:: DATA SHOWN ::

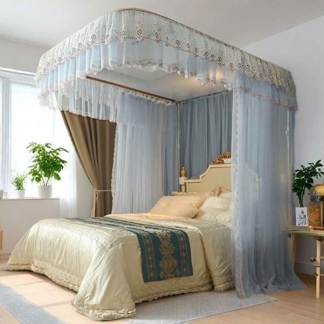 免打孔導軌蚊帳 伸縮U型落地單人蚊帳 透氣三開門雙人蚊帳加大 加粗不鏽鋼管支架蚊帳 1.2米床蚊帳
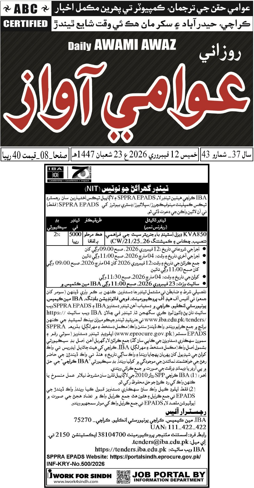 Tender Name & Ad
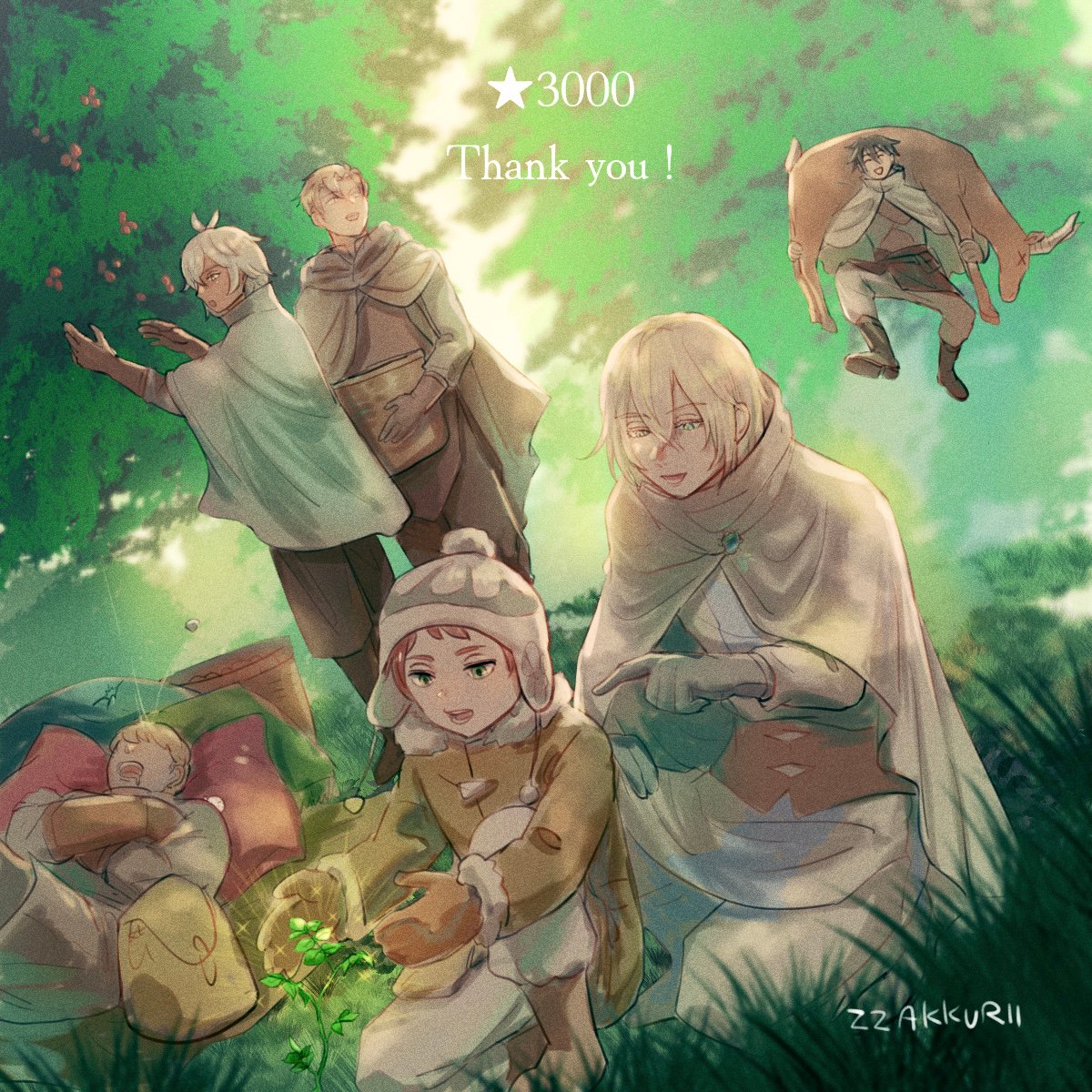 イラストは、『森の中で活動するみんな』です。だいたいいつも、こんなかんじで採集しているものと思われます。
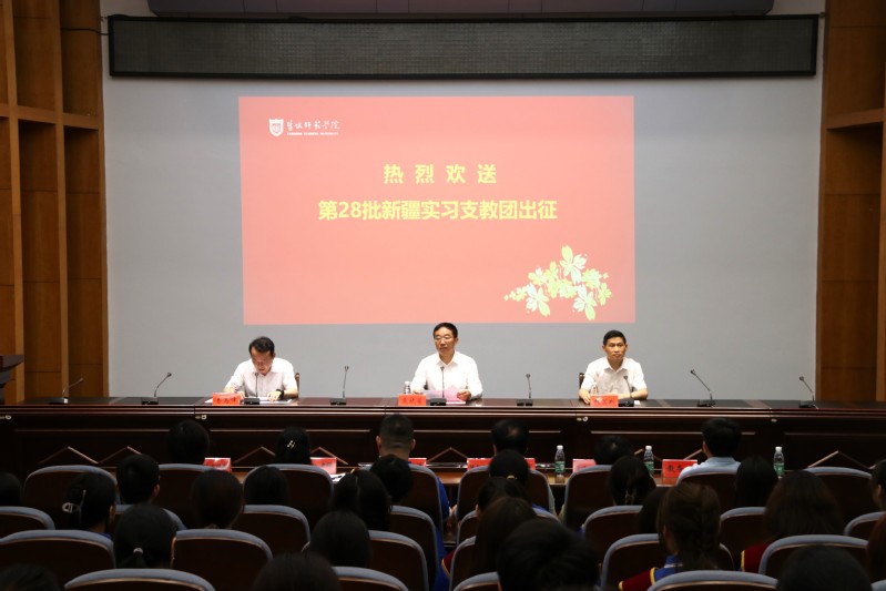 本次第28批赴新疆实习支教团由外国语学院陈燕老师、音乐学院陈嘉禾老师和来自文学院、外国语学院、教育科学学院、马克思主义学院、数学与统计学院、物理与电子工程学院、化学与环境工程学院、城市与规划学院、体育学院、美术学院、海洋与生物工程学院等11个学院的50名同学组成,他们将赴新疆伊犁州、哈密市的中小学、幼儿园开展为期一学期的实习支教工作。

:::

**YOUR OBJECTIVE**
Without the pictures, write out the whole listing exactly as it appears.

**WRITTEN RESPONSE**
 免打孔導軌蚊帳 伸縮U型落地單人蚊帳 透氣三開門雙人蚊帳加大 加粗不鏽鋼管支架蚊帳 1.2米床蚊帳
 Tender Name & Ad
 イラストは、『森の中で活動するみんな』です。だいたいいつも、こんなかんじで採集しているものと思われます。
 本次第28批赴新疆实习支教团由外国语学院陈燕老师、音乐学院陈嘉禾老师和来自文学院、外国语学院、教育科学学院、马克思主义学院、数学与统计学院、物理与电子工程学院、化学与环境工程学院、城市与规划学院、体育学院、美术学院、海洋与生物工程学院等11个学院的50名同学组成,他们将赴新疆伊犁州、哈密市的中小学、幼儿园开展为期一学期的实习支教工作。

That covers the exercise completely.